4/10
Who's a pretty boy, then?
8 October 2005
Elisabeth Bergner is probably best remembered (in Britain, at least) for playing Rosalind in 'As You Like It', a role for which she spent most of her screen time cross-dressed as Ganymede, the counterfeit boy. She wasn't convincing as a boy in that film, but the theatrical artifice of Shakespeare's verse made her imposture seem acceptable. Here, in her earlier film 'The Fiddler of Florence', Bergner also spends most of her screen time in boy-garb, interacting with characters who genuinely believe her to be a boy. This is a silent film, so Bergner isn't required to speak in a male voice. Even so, her impersonation of a male is frankly unbelievable ... and, because this film's milieu is otherwise much more realistic than Shakespeare's Forest of Arden, Bergner's failure to pass as a boy ultimately causes the entire movie to fail. She's also slightly too OLD to pass as a boy, I'll ungallantly add.

Renée (Bergner) is a strong-willed German fraulein. When her beloved mother dies, her cold father (Conrad Veidt) remarries.
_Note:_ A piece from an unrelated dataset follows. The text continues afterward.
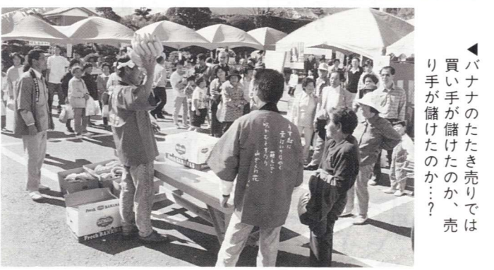
▲バナナのたたき売りでは買い手が儲けたのか、売り手が儲けたのか??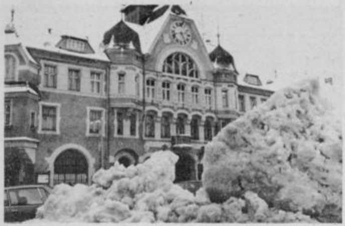
Sneg z mestnih ulic in trgov so najprej spravili na velike kupe, da so ga lahko potem z nakladalci nalagali na kamione in odpeljali.

Delali so do 22. ure, ponekod pa tudi do dveh po polnoči. V nedeljo, 20. decembra pa so začeli pluziti ceste, ki so uvrščene v drugo prioriteto, naslednji dan tretjo in tako naprej, ker je bilo treba začeti znova spričo ponovnega sneženja. Promet je bil sicer nekoliko oviran, vendar do večjih zastojev ni prišlo nikjer. Upajmo, da bo štab zimske službe s svojimi delavci, mehanizacijo in zalogami peska in soli enako uspešno obvladoval položaj vse do konca zimske sezone.

Veidt and his new bride are only interested in each other: accordingly, Veidt packs Renée off to a strict boarding-school in Switzerland. (I wonder if this is the girls' school in Switzerland where Stallone had a job once.) At this point in the movie, I was hoping for some 'Madchen in Uniform' theatrics, but -- with a title like 'The Fiddler of Florence' -- other things are clearly impending.

Renée runs away from her Swiss school and heads for the border, presumably passing Julie Andrews and the Von Trapp children going in the opposite direction. At the Italian frontier, she coaxes a peasant boy into giving her his clothes. (Leaving him to wear *hers*, I guess. Yodel-lay-he-hoo!) Bergner's 'disguise' as a boy is deeply unconvincing, not least because she keeps her beautiful long blonde tresses. Renée is now reborn (get the French pun?) as Rene.
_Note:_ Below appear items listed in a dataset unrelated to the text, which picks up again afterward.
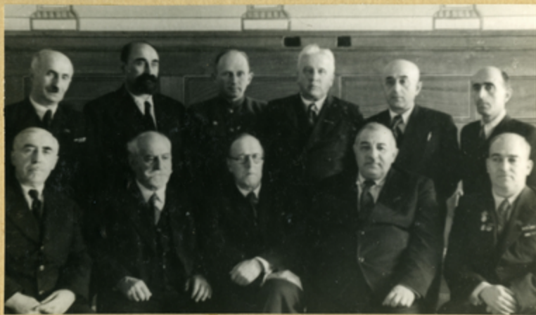
Քրեզիդուտի Աւււնյա Մւււ Տւււտո՞ւ Չրւււլի, Արմւււնի, Աւււրաւււյձյա՞նա.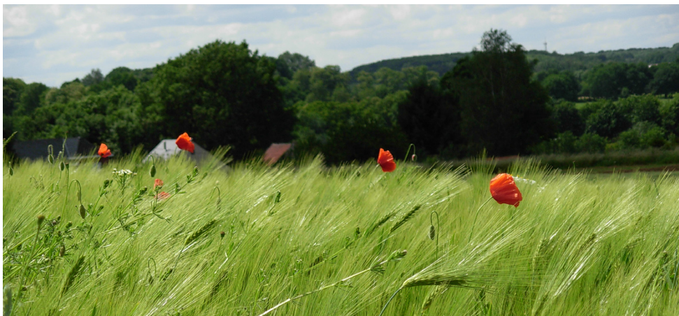
Foto: Enkel gevarieerde kruidenrijke akkers, braaklanden en graslanden verschaffen voldoende dekking en nestgelegenheid aan de Kwartel.

Graanakkers, luzerne- en klavervelden krijgen als broedgebied de voorkeur. Vochtige bodems worden eerder dan droge bodems uitgezocht. Akkers met hakvruchten worden na de oogst graag door Kwartels opgezocht. Bij een natuurgericht akker- en graslandbeheer hoort ook een stopzetting, extensivering en/of gerichte(re) toepassing van bestrijdingsmiddelen.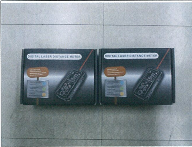
전체수량 물품 입고 사진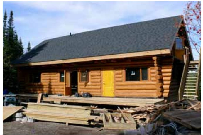
Chalet Antoine-Dubuc, TNO Mont-Valin

As Renée makes her boyish way across Italy, she falls in with two wandering bohemians: a romantic young painter-violinist and his sister. The painter is played by future character actor Walter Rilla, and he gives a far better performance here than this movie deserves. Neither Rilla nor his sister twig that this 'boy' is actually a girl, but Rilla gradually finds himself attracted to the beautiful lad. Ach du lieber!

'The Fiddler of Florence' was written and directed by Paul Czinner, who would later be Bergner's husband, and who at this point was already firmly established as the guiding presence of Bergner's career. Bergner spends most of this film in male disguise, yet the attempts to transform her into a 'boy' are so perfunctory as to be downright laughable. I suspect that Czinner was unwilling to compromise Bergner's substantial female charms, and reluctant to present her to audiences as anything less than 100% feminine. But then why choose this particular story for her? On the basis of 'The Fiddler of Florence' and 'As You Like It' -- another Czinner effort -- I wonder if perhaps Czinner was one of those men who has a predilection for women disguised as boys. Or perhaps it was Bergner herself who favoured vehicles that would require her to wear male disguise. Whoever had the idea, Bergner is simply more attractive (and more believable) as a fraulein than as a boy.
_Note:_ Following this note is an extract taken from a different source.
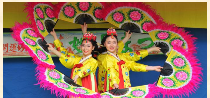
韓国伝統芸術団による舞踊「扇の舞」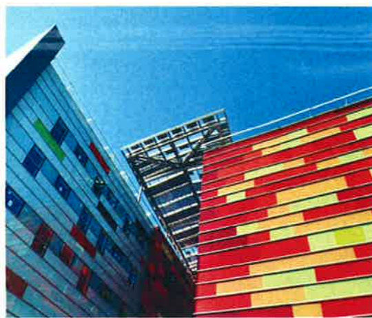
Avec son architecture marquante, El Centre del Món devient une des constructions emblématiques qui donnent à Perpignan son identité.

Le projet urbain poursuit son développement autour de cette réalisation phare. Il prévoit la construction de près de 1 700 logements neufs, la création d'un parc urbain situé de part et d'autre de La Basse, la création d'un réseau

A warning to all Conrad Veidt fans: although that splendid actor is prominently listed in the cast of this film, he actually has only a small role with very little screen time. Impressively, he gives a fine performance anyway. As the father, interacting with his new bride and his daughter in the same scene, Veidt skilfully conveys affection and lust for the former while remaining cold towards the latter. Veidt's brief performance belongs in a better movie. I'll rate 'The Fiddler of Florence' 4 points, largely for some beautiful exterior photography. Give the movie an extra point if you like to watch women pretending to be boys.